Home > Journals > WMLR > Vol. 51 (2009-2010) > Iss. 5 (2010)
William & Mary Law Review
Abstract
Much of the social science literature on judicial behavior has focused on the impact of ideology on how judges vote. For the most part, however, legal scholars have been reluctant to embrace empirical scholarship that fails to address the impact of legal constraints and the means by which judges reason their way to particular outcomes. This Article attempts to integrate and address the concerns of both audiences by way of an empirical examination of the Supreme Court’s use of a particular interpretive technique— namely, the use of legislative history to determine the purpose and meaning of a statute. We analyzed every opinion in every Supreme Court statutory interpretation case from 1953 through 2006 that involved a frequently interpreted federal statute. We also collected original data on the characteristics of each statute, including its age, length, complexity, obscurity, and the number of times that it had been amended. We then used our data on these statutory characteristics—together with information on the ideological tilt of the Justices, the case outcomes, and the legislators who enacted the statute—in a logit regression analysis to determine the relative impact of each variable on the likelihood that a Justice would cite legislative history in a given opinion.
We find that the use of legislative history is driven by a combination of legal and ideological factors. On the whole, the legal variables have a significantly larger impact on the likelihood of legislative history usage than the ideological variables, but the impact of the ideological variables cannot be dismissed. Statutes that are longer or more complex increase the likelihood of legislative history usage, whereas frequent amendment of a statute decreases that likelihood. The age of the statute also matters, but its effect is neither linear nor monotonic: very new and very old statutes are more likely to elicit legislative history usage than statutes of intermediate age. Majority opinions are significantly more likely to cite legislative history than dissenting opinions, which in turn are more than twice as likely to cite legislative history as concurring opinions. Our findings also suggest that the use of legislative history by one Justice prompts other Justices to respond in kind with legislative history arguments of their own. We found no evidence, however, that the Court’s adoption in Chevron v. Natural Resources Defense Council of the doctrine that reviewing courts should defer to reasonable agency interpretations affected the overall propensity of the Justices to cite legislative history.

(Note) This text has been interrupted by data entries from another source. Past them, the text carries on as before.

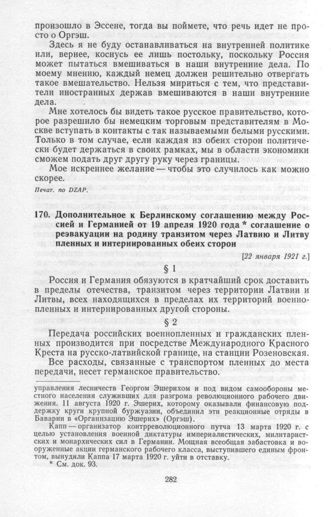 Дополнительное к Берлинскому соглашению между Россией и Германией от 19 апреля 1920 г. соглашение о реэвакуации на родину транзитом через Латвию и Литву пленных и интернированных обеих сторон. [22 января 1921 г.] // «Документы внешней политики СССР», т. III. М., 1954, стр. 489—490.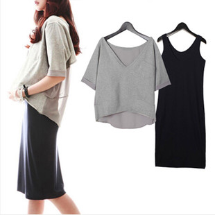 時尚百搭2015夏季女裝新款韓版拼接兩件套小清新連衣裙吊帶背心裙 /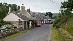 Hownam lies south of Morebattle on the Kale Water.[2] The parish borders England and has, within its boundaries, the Roman road of Dere Street and the Pennymuir Roman camps.[2] Hownam first appears in the written charters in the 12th century.[2] The origin of the name is uncertain, but may indicate a tribal name, "the Hunas".[2] The village itself is a small group of houses in a row on one side of the road.[2] The village church is at the north end of the village.[2] The church was reshaped in the 1750s and further modernised in the 1840s, and again following a fire in 1907.[3]

With respect to the impact of ideological factors, liberal Justices are generally more likely than conservative Justices to cite legislative history. In addition, the Justices are more likely to consult legislative history when they are ideologically sympathetic to the purposes of the enacting Congress. At the same time, however, legislative history usage is not correlated with more ideological decision making. Although the decision to use legislative history is influenced by ideological factors, the actual use of legislative history does not make it more likely that a Justice will arrive at his or her preferred outcome. Moreover, contrary to what some scholars have suggested, we also found no evidence that Justice Scalia has persuaded other Justices to refrain from citing legislative history in their own opinions. Rather, the decline in the overall use of legislative history since the mid-1980s reflects a rightward shift in the ideological composition of the Court, as liberal Justices who were inclined to cite legislative history have been replaced by conservative Justices who are not so inclined.